WEAR AND CORROSION RESISTANT COATING HAVING A ROUGHENED SURFACE

Abstract

An exemplary method of making a first component for contacting another component includes applying a wear and corrosion resistant material layer onto a surface of the first component. The wear and corrosion resistant material layer is then roughened subsequent to having been applied to the surface. A component comprises an exemplary elevator sheave that includes a metallic body having a sheave surface that is adapted to contact an elevator tension member. A corrosion resistant material layer on the sheave surface has a thickness that is greater than about 5 microns.

Description

BACKGROUND

Elevator systems carry passengers, cargo or both between different levels in a building, for example. Some elevator systems operate on a hydraulic machine arrangement to move the elevator car as desired.
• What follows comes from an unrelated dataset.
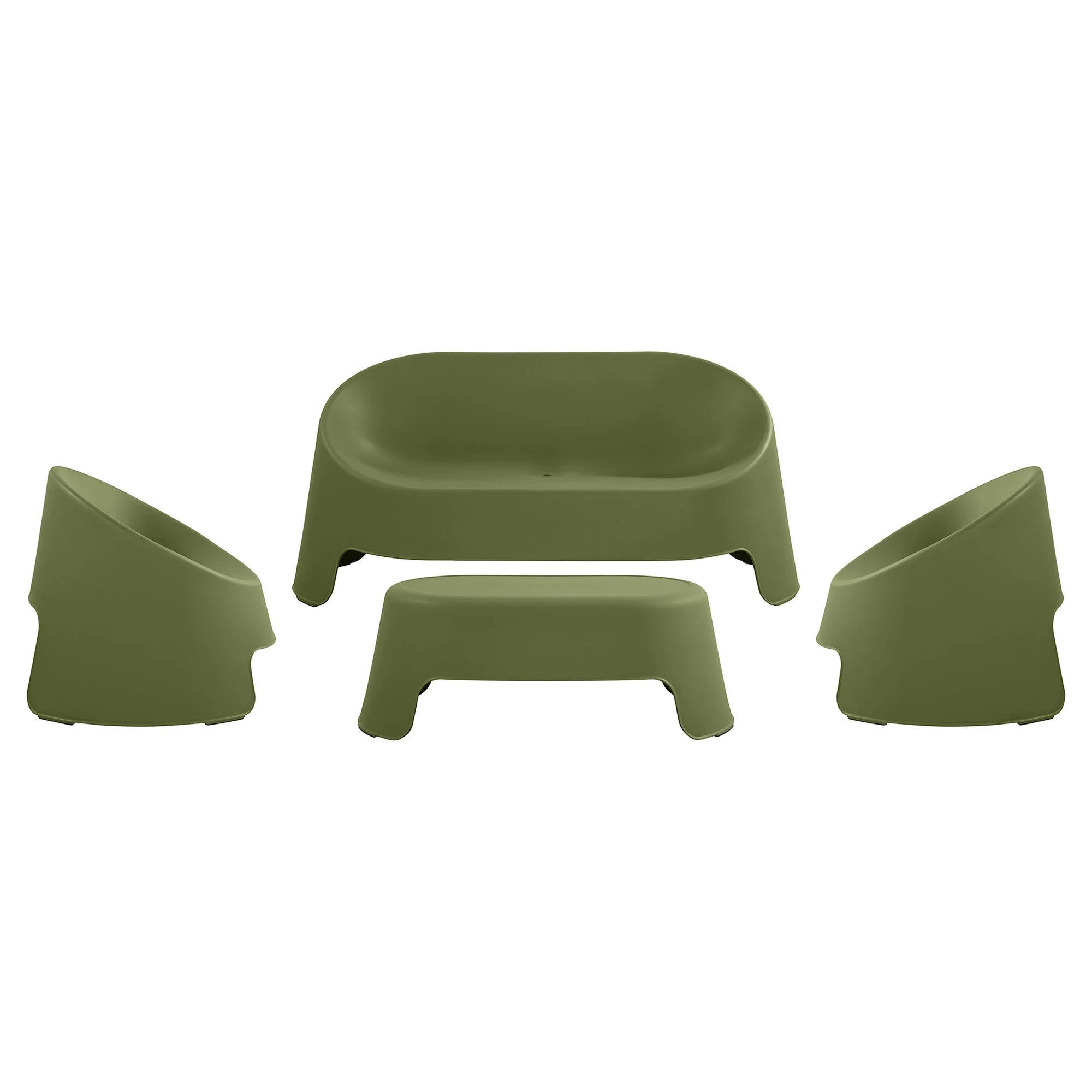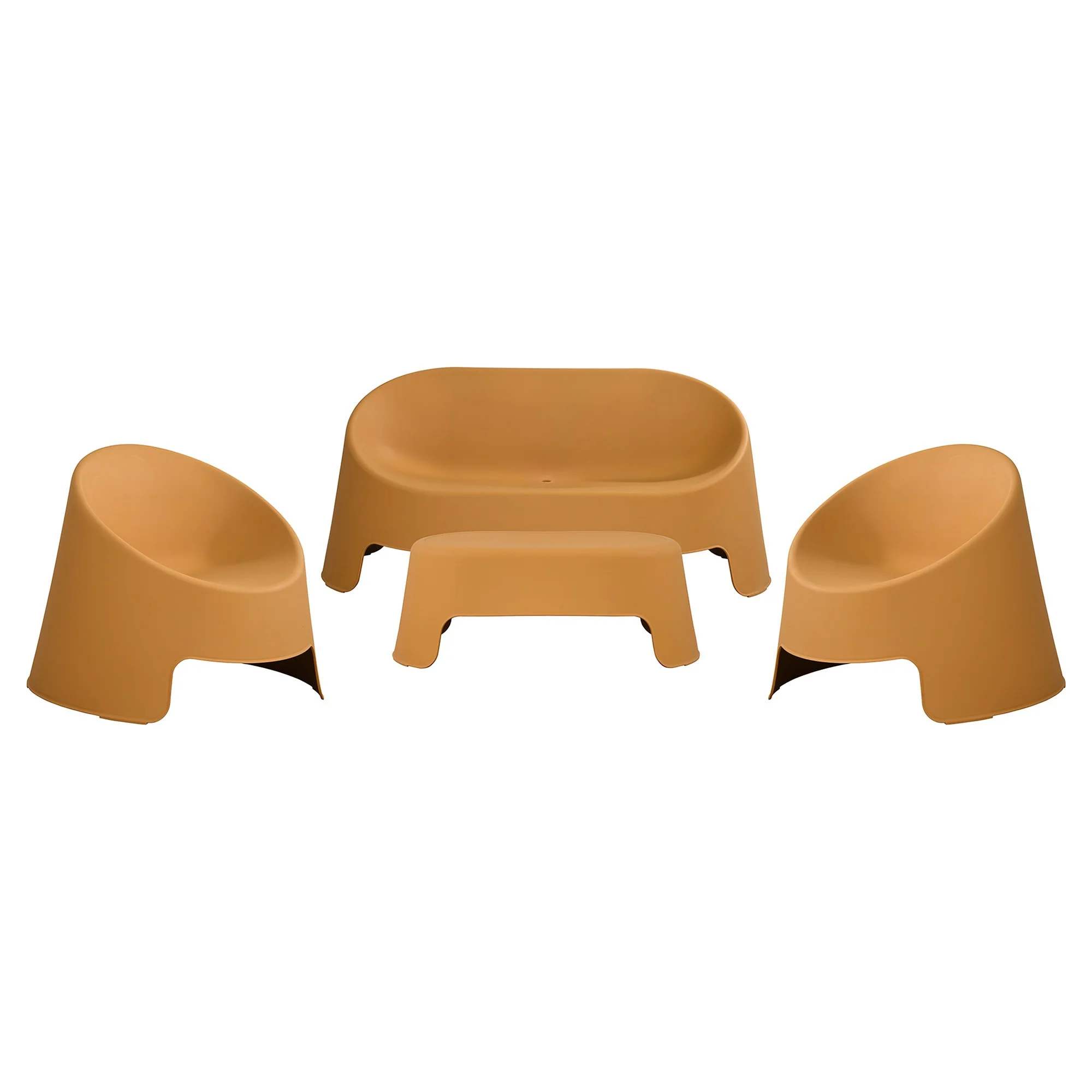 Moderno set di sedute da esterno realizzato in polipropilene resistente, progettato per garantire comfort, facile manutenzione e lunga durata all’esterno.

Other elevator systems are traction-based and rely upon traction between a traction sheave and an elevator roping arrangement to cause desired movement of the elevator car.

Typical traction-based elevator systems include a roping arrangement that has a plurality of tension members such as steel ropes or flat belts, for example. The roping arrangement follows a path defined by sheaves placed strategically within the elevator system. At least one of the sheaves operates as a traction sheave causing the roping arrangement to move responsive to operation of a machine that causes the traction sheave to rotate. Other sheaves are considered idler sheaves that move responsive to movement of the roping arrangement. Controlling the direction and speed of movement of the traction sheave provides the ability to move the elevator car in a desired direction at a desired speed.

It is necessary to have sufficient traction between the traction sheave and the tension members to achieve desired elevator car movement and to control car position, for example. Where round steel rope tension members are used, specially shaped grooves or plastic liners within grooves are used for traction purposes. In systems using flat belts as the tension members, the conventional approach to having a sufficient traction surface on a traction sheave involves sandblasting a steel surface to roughen it. A roughened surface provides more traction than a smoother surface, for example.

It is also necessary to avoid corrosion of an elevator sheave. In round rope systems, lubricant is applied to the ropes. The lubricant provides some corrosion protection. The conventional approach to avoid corrosion in belted systems has been to plate the roughened surface of the sheave with a corrosion resistant material such as hard chrome. The plating protects the surface of the sheave from wear and corrosion.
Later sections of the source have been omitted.